Data records:
»»
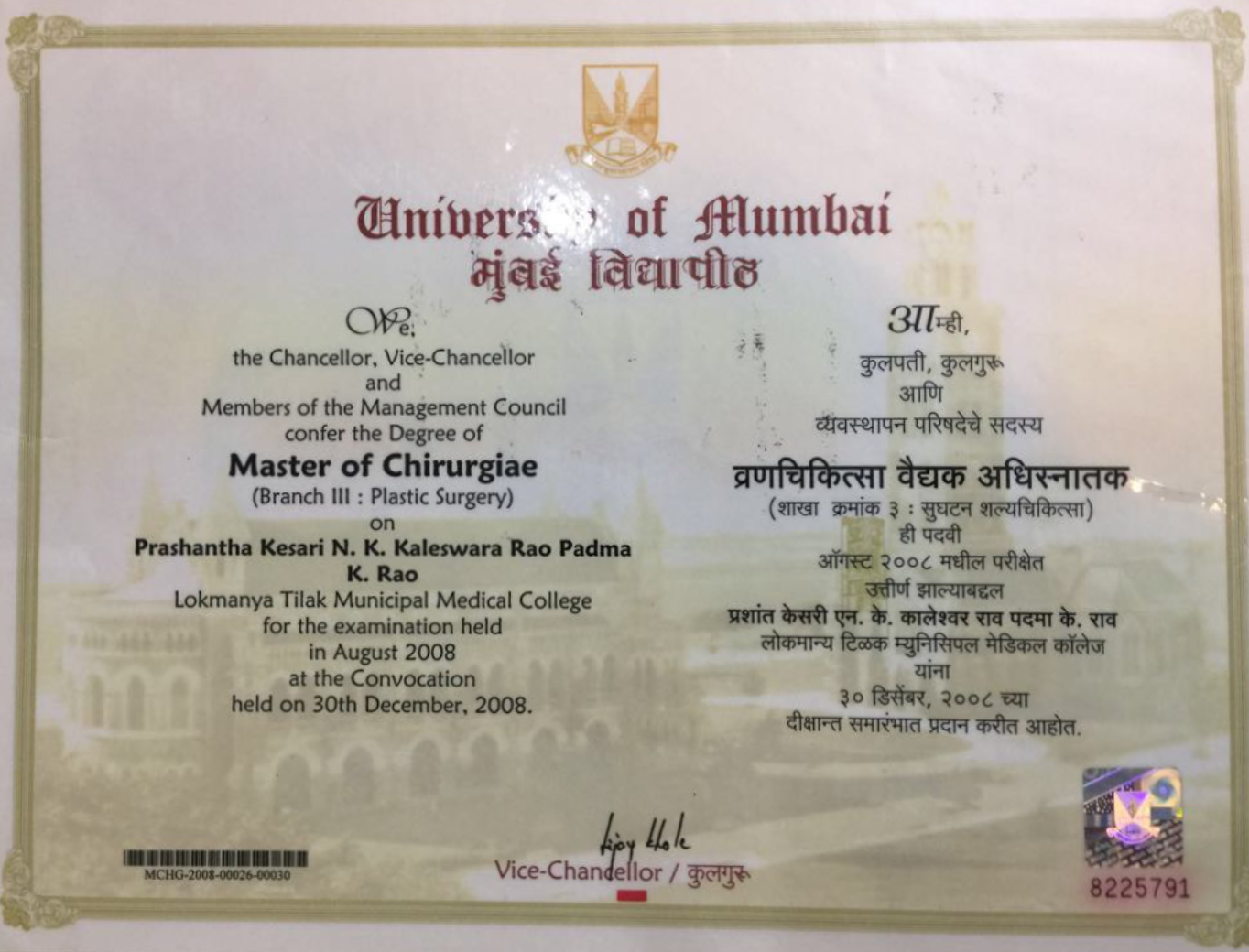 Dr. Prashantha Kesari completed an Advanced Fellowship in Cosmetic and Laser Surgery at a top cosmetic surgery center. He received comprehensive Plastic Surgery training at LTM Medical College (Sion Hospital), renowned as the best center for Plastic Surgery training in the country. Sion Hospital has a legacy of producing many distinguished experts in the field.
««
»»
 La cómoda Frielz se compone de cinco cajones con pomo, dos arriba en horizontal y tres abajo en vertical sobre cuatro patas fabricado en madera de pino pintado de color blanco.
««
»»
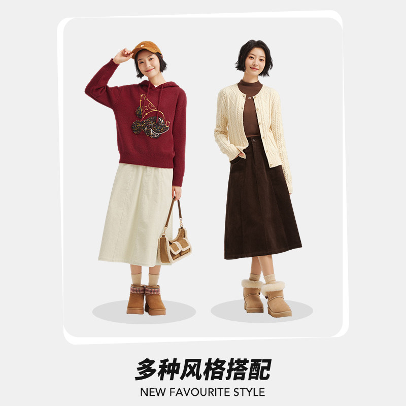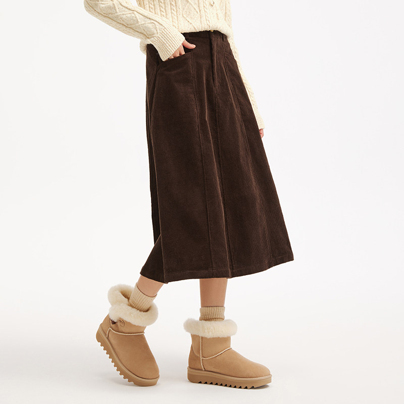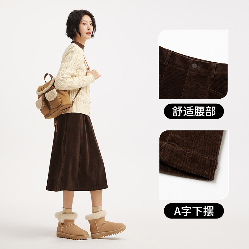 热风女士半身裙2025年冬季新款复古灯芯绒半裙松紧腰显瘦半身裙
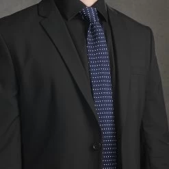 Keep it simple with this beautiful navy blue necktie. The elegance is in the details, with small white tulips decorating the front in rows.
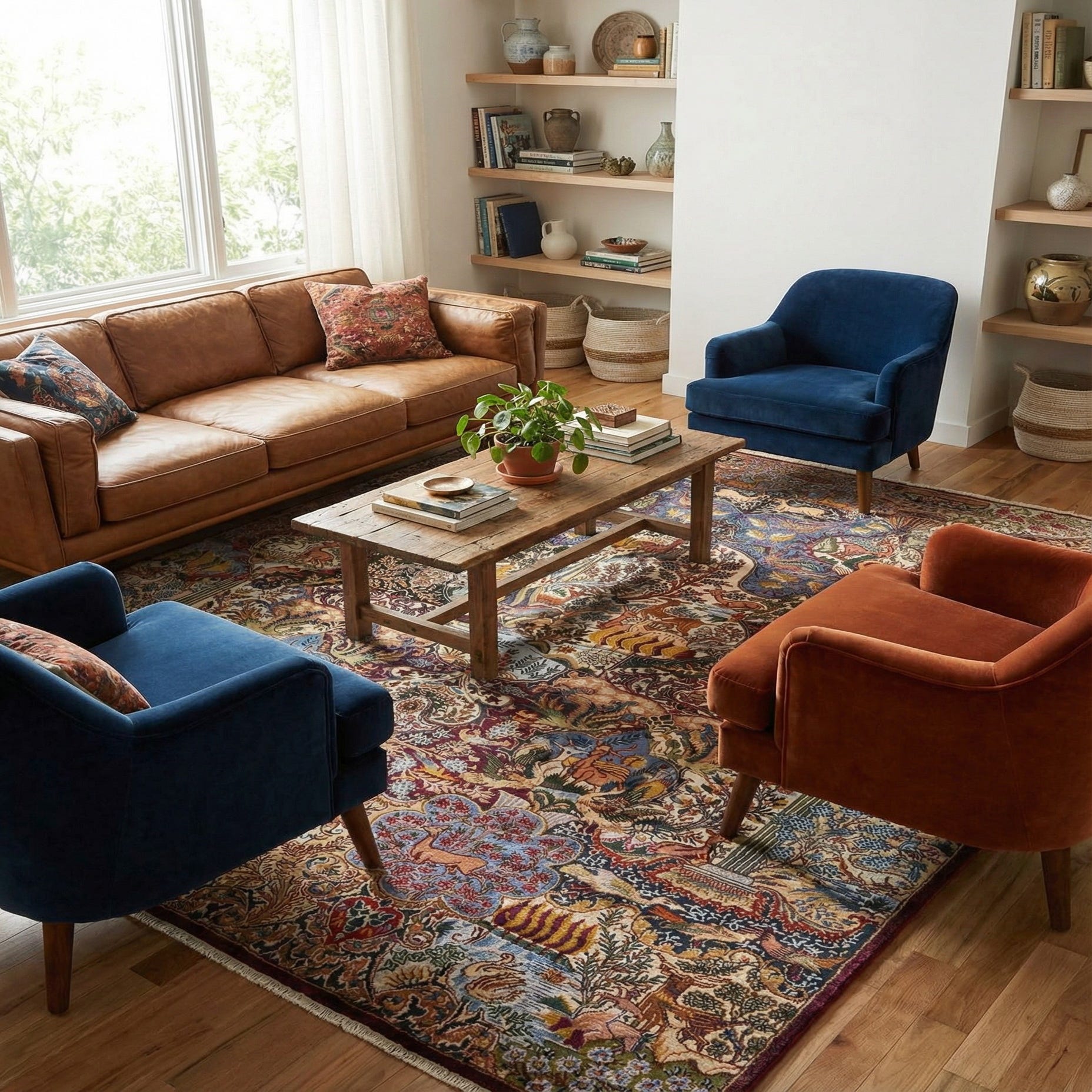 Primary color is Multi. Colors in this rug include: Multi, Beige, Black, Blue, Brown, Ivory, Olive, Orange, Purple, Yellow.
««
Task description: Using the material above, reproduce only the lines that run from the line with "热风女士半身裙2025年冬季新款复古灯芯绒半裙松紧腰显瘦半身裙" up to and including the line with "Keep it simple", exactly, with the pictures dropped.

Answer below:
 热风女士半身裙2025年冬季新款复古灯芯绒半裙松紧腰显瘦半身裙
 Keep it simple with this beautiful navy blue necktie. The elegance is in the details, with small white tulips decorating the front in rows.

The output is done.